Dallas Title & Guaranty Co. v. Commissioner

40 B.T.A. 1022, 1939 BTA LEXIS 764
CourtUnited States Board of Tax Appeals
DecidedDecember 6, 1939
DocketDocket No. 90466.
StatusPublished
Cited by15 cases

This text of 40 B.T.A. 1022 (Dallas Title & Guaranty Co. v. Commissioner) is published on Counsel Stack Legal Research, covering United States Board of Tax Appeals primary law. Counsel Stack provides free access to over 12 million legal documents including statutes, case law, regulations, and constitutions.

Bluebook
Dallas Title & Guaranty Co. v. Commissioner, 40 B.T.A. 1022, 1939 BTA LEXIS 764 (bta 1939).

Opinion

[1027]*1027OPINION.

Black :

We shall consider the issues, stated elsewhere, in the inverse order.

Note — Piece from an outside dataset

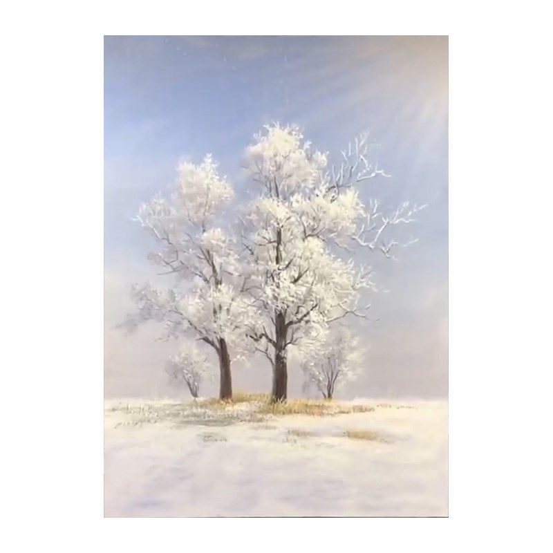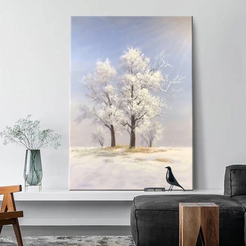 冰天雪地白杨树手绘油画雪景日出纯白色装 饰画客厅挂画玄关肌理画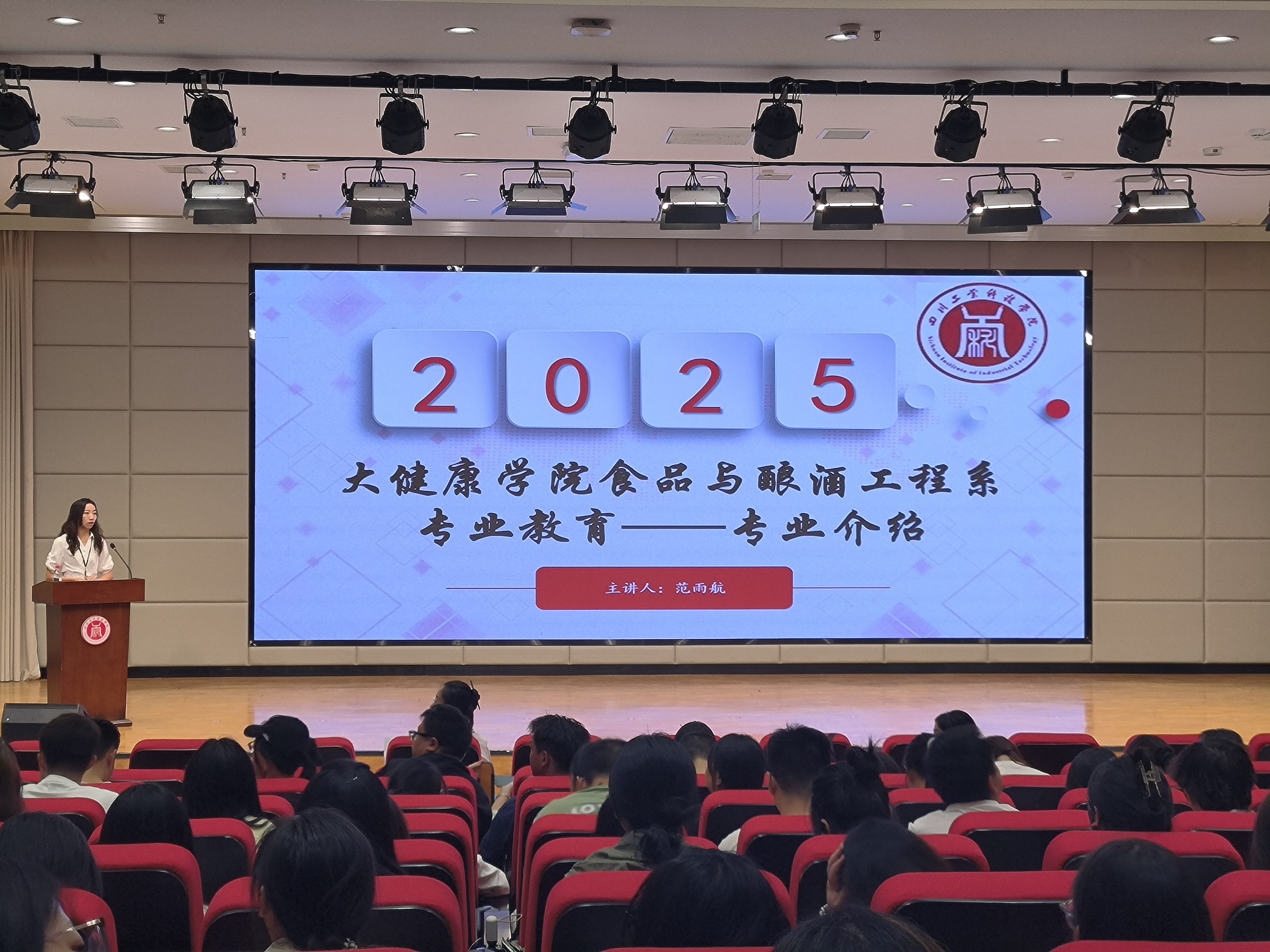 8月25日上午,大健康学院食品与酿酒工程系于龑江C区报告厅召开专升本新生专业教育会。会议由食品与酿酒工程系副主任王艺与综合办副主任范雨航主讲,全体专升本新生参与。

Was petitioner exempt from the excess profits tax imposed by section 702 of the Revenue Act of 1934? This section provides in part that:

(a) There is hereby imposed upon the net income of every corporation, for each income-tax taxable year ending after the close of the first year m respect of which it is tamable under section 101, an excess-profits tax * * *. [Italics supplied.]

Section 701 imposes a capital stock tax upon certain corporations and under subdivision (c) (2) thereof, it provides that the taxes thus imposed shall not apply “to any insurance company subject to the tax imposed by section 201, 204, or 207.” Petitioner contends that it is an “insurance company” subject to the tax imposed by section 204. The material provisions of section 204 are set out in the margin.4

The parties have stipulated that “during the taxable year involved, petitioner was engaged in the title insurance business.” On cross-examination of petitioner’s witness, F. D. Price, it was brought out that petitioner also engaged in business other than the title insurance business. A corporation may be organized under the insurance laws of a state, be subject to supervision by the insurance officers of the state, and actually do a certain amount of insurance business, and yet fail to classify as an “insurance company” as that term is used in the Federal tax statutes. Bowers v. Lawyers’ Mortgage Co., 285 U. S. 182; Lincoln Mortgage & Title Guaranty Co. v. Commissioner, 79 Fed. (2d) 585; Empire Title & Guarantee Co. v. United States, 101 Fed. (2d) 69. It is the character of the business actually done in the tax year that determines whether the corporation is taxable as an insurance company. Bowers v. Lawyers' Mortgage Co., supra. If insurance is its principal business, it is taxable as an insurance company. [1028]*1028United, States v. Home Title Insurance Co., 285 U. S. 191. If, therefore, petitioner’s title insurance business is its principal business, it is an insurance company taxable under section 204.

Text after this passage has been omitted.